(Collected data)
#####

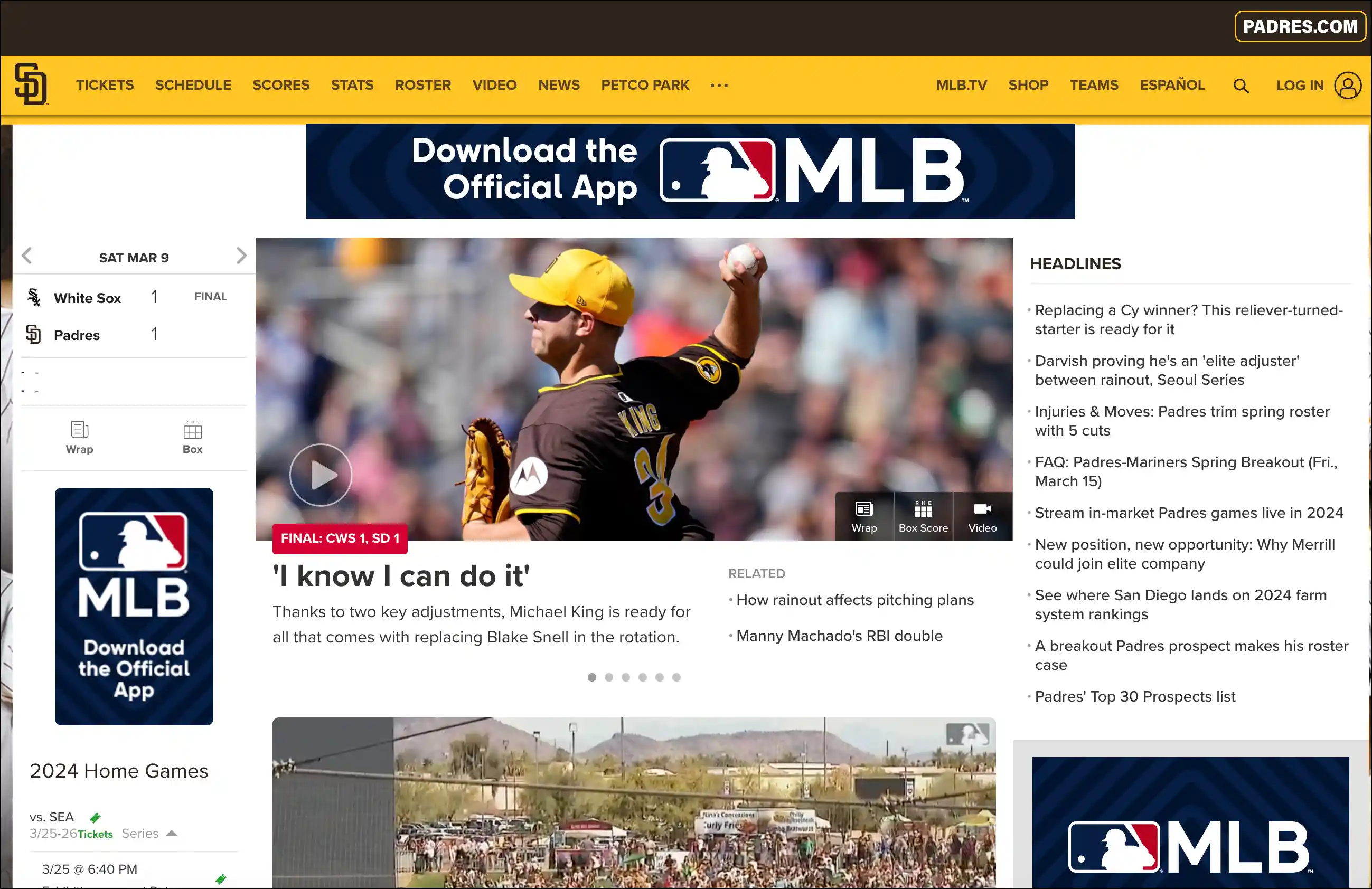 The official website of the San Diego Padres with the most up-to-date information on scores, schedule, stats, tickets, and team news.
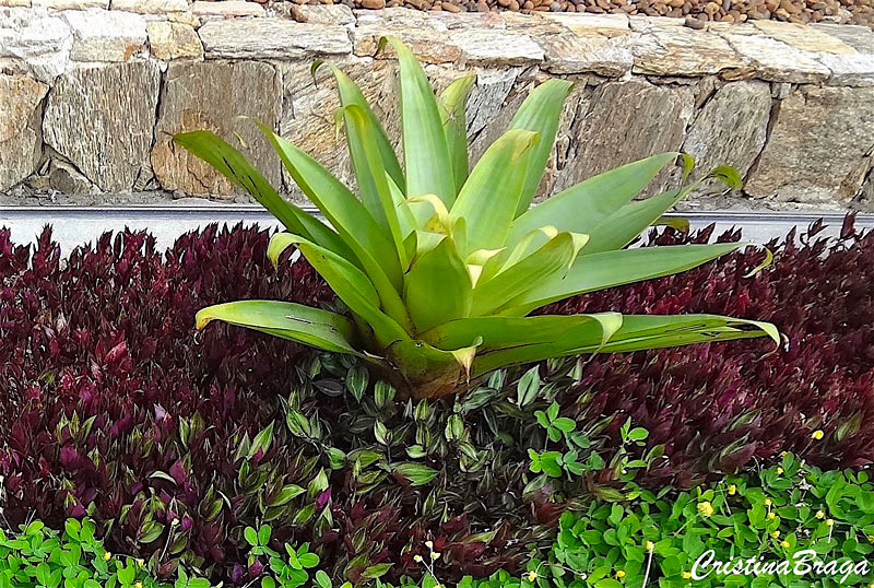 Quando protegidas do sol, na sombra da bromélia, as folhas se apresentam verdes e abertas.
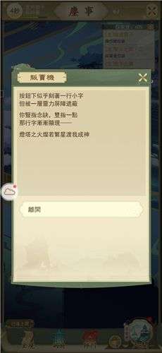 首先探查尘事界面的贩卖机,按钮下面刻着一行小字:“灯塔之火灿若繁星渡我成神”,这便是总控室的正确密码,复制粘贴到总控室的密码界面就能成功激活权限了。
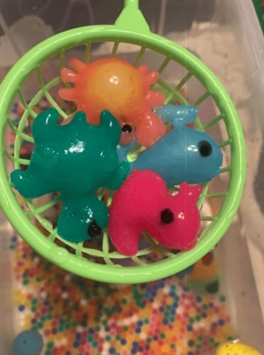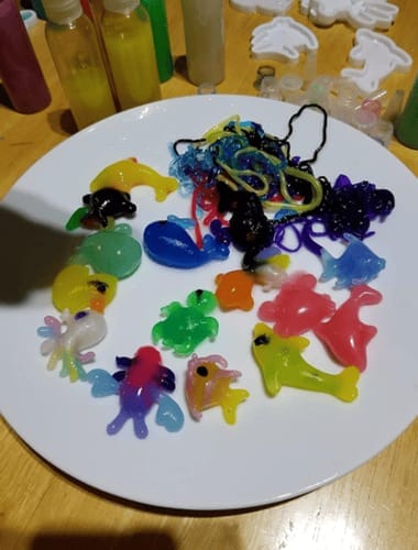 Táto súprava je veľmi dobre vyrobená. Páči sa mi, že má vlastnú nádobu na uskladnenie. Hrali sme sa hodiny a hodiny. Zdravý rozum hovorí, že ak chcete, aby farby vydržali, nepreťažujte formičky zakaždým. Nám ešte nedošla žiadna farba! Squishies sme nechali v roztoku cez noc, aby sa zabezpečilo, že vnútro poriadne zožltne. Chvíľu trvá, kým sa dajú stlačiť k sebe a hrať sa s nimi, čo môže byť ťažké vysvetliť menším deťom. Dinosaurie vajíčka a vodné korálky sú bonusom navyše. Vrelo odporúčame! Zábava pre všetky vekové kategórie.
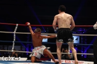 3R、木村は右の蹴りに合わせた右フックでフラつかせるが、城戸は倒れない。やはりダメージがあるか動きに精彩を欠く城戸。逆に木村は動きが見えているかのようにKOを狙う。しかし城戸も木村が前に来るところに左ヒザをボディに突き刺す。だが木村は左フックを当て、右フックを決めて3度目のダウンを奪う。
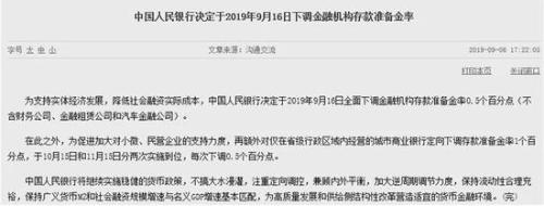 根据央行此前公告,为促进加大对小微、民营企业的支持力度,额外对仅在省级行政区域内经营的城市商业银行定向下调存款准备金率1个百分点,于10月15日和11月15日分两次实施到位,每次下调0.5个百分点。
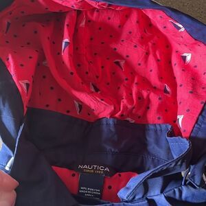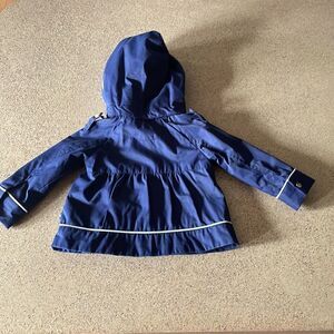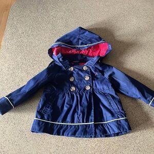Nautica navy blue infant sailor jacket/pea coat with removable hood. Hood is lined with a cute watermelon pink polka dot and sailboat print. Trimmed with white piping around cuffs, hood and hem. Epaulettes on shoulders, 3 button and 2 velcro closures, flared at waist, functional front pockets. Gently worn and laundered with no flaws to note. I wish I had a jacket like this in my size…it is so cute!!

#####

Task goal
The output is the stretch above from the line with "Táto súprava je" through the line with "根据央行此前公告,为促进加大", copied word for word with both ends kept and every picture dropped.

Written reply
 Táto súprava je veľmi dobre vyrobená. Páči sa mi, že má vlastnú nádobu na uskladnenie. Hrali sme sa hodiny a hodiny. Zdravý rozum hovorí, že ak chcete, aby farby vydržali, nepreťažujte formičky zakaždým. Nám ešte nedošla žiadna farba! Squishies sme nechali v roztoku cez noc, aby sa zabezpečilo, že vnútro poriadne zožltne. Chvíľu trvá, kým sa dajú stlačiť k sebe a hrať sa s nimi, čo môže byť ťažké vysvetliť menším deťom. Dinosaurie vajíčka a vodné korálky sú bonusom navyše. Vrelo odporúčame! Zábava pre všetky vekové kategórie.
 3R、木村は右の蹴りに合わせた右フックでフラつかせるが、城戸は倒れない。やはりダメージがあるか動きに精彩を欠く城戸。逆に木村は動きが見えているかのようにKOを狙う。しかし城戸も木村が前に来るところに左ヒザをボディに突き刺す。だが木村は左フックを当て、右フックを決めて3度目のダウンを奪う。
 根据央行此前公告,为促进加大对小微、民营企业的支持力度,额外对仅在省级行政区域内经营的城市商业银行定向下调存款准备金率1个百分点,于10月15日和11月15日分两次实施到位,每次下调0.5个百分点。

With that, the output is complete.